$X$ top space with countable basis $B = \{B_n\}_{n\in \mathbb{N}}$. Then exists countable subset $D\subseteq X$, $\overline{D} = X$

Question

Let $X$ be a topological space with a countable basis $B = \{B_n\}_{n\in \mathbb{N}}$. Show that exists a countable subset $D\subseteq X$ such that $\overline{D} = X$.

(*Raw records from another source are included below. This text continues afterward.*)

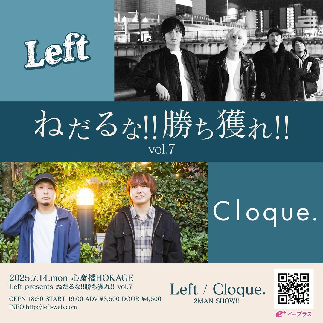 [ねだるな!!勝ち獲れ!!] Jul 14, 2025 HOKAGE Source . 7/14(Mon) Left PRESENTS [ねだるな!!勝ち獲れ!!] Left Cloque. 2MAN SHOW!! OPEN 18:30/START 19:00 ADV ¥3500/DOOR ¥4500 +1drink fee
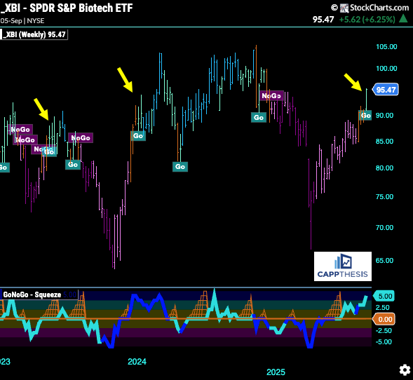 Last week’s move flipped the weekly GoNoGo trend from neutral to bullish, which is obviously a step in the right direction. That said, we can see that this indicator has produced false signals before—most notably in 2023 (highlighted by the yellow arrows)—so it’s something we can’t fully rely upon…
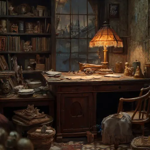 Lunetta Carys Eirenwall, a tutor of household handwriting and modest bookkeeping, once ordered her days around these rooms. She lived with her brother Aven, a workshop assistant whose income frayed with each unreliable season. Lunetta kept the tally chamber in quiet precision—slates arranged by level, pencils trimmed evenly, blotters carefully rotated so no ink ring overlapped another. She paced the same soft arc from escritoire to hearth before beginning each lesson, murmuring sums beneath her breath to steady her nerves. As Aven’s work faltered and her own wrists stiffened, their supplies dwindled. Lessons thinned. Account sheets piled dusty at the edges. Ink thickened in its bottle. Day by day, Lunetta’s practiced order slackened until the room reflected the fatigue she never voiced aloud.
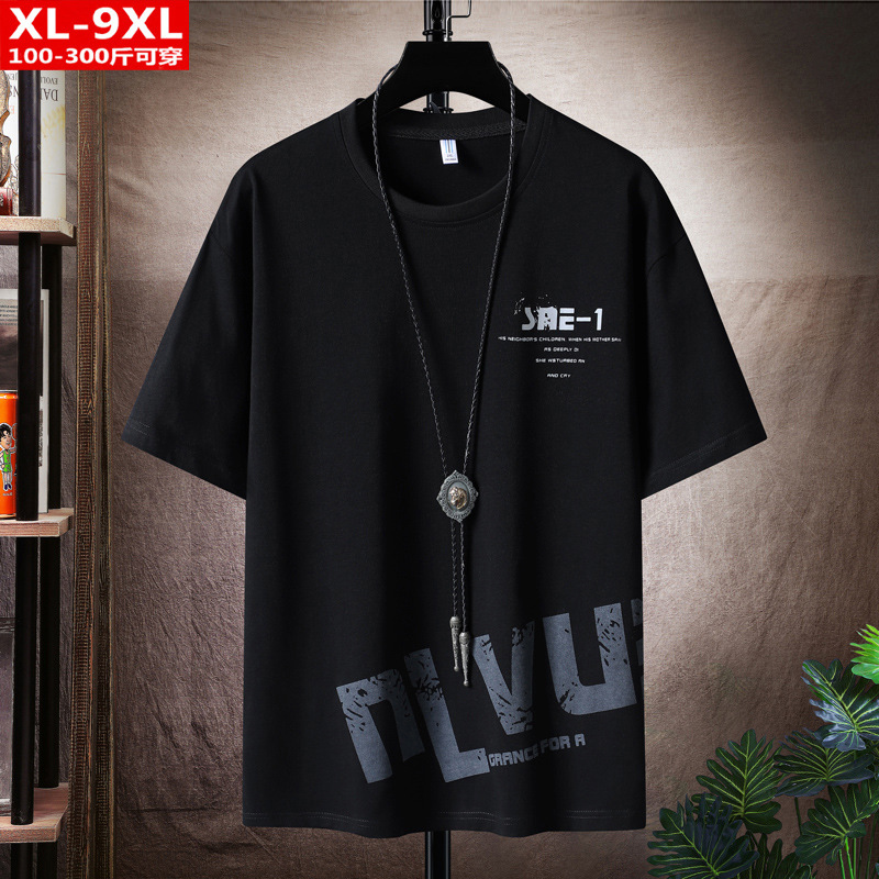 여름 트렌디 홍콩 스타일 남성용 프린트 반팔 티셔츠 뚱뚱한 남성용 초대형 루즈한 면 반팔 티셔츠스토어 가기

Well, I've thought a lot about this question and this is what I've come up, but I think I'm cheating:

We all know that $X\subseteq X$ and that $\overline{X} = X$, and also every element of $x$ is contained in a basis element. So, since $X = \bigcup_{x\in X} \{x\} \subseteq \bigcup_{x\in X} B_x = X$, so taking $D = X$, we have that $D\subseteq X, \overline{D} = X$ and $D$ is countable. I don't think this is right, and this only works for $D = X$.

Could somebody help me?

Answer 1

Hint: Choose any element $q_n\in B_n$ for each $n\in\mathbb{N}$. Show that $Q=\{q_n \mid n\in\mathbb{N}\}$ is a dense subset of $X$.

Answer 2

Letting that $q_{n}\in B$ for each $n=1,2,...$ It suffices to prove that for every nonempty open set $G$, there is some $n_{0}$ such that $q_{n_{0}}\in G$. Choose some $p\in G$, since $\{B_{n}\}$ is a basis, some $n_{0}$ is such that $p\in B_{n_{0}}\subseteq G$. Hence $q_{n_{0}}\in G$.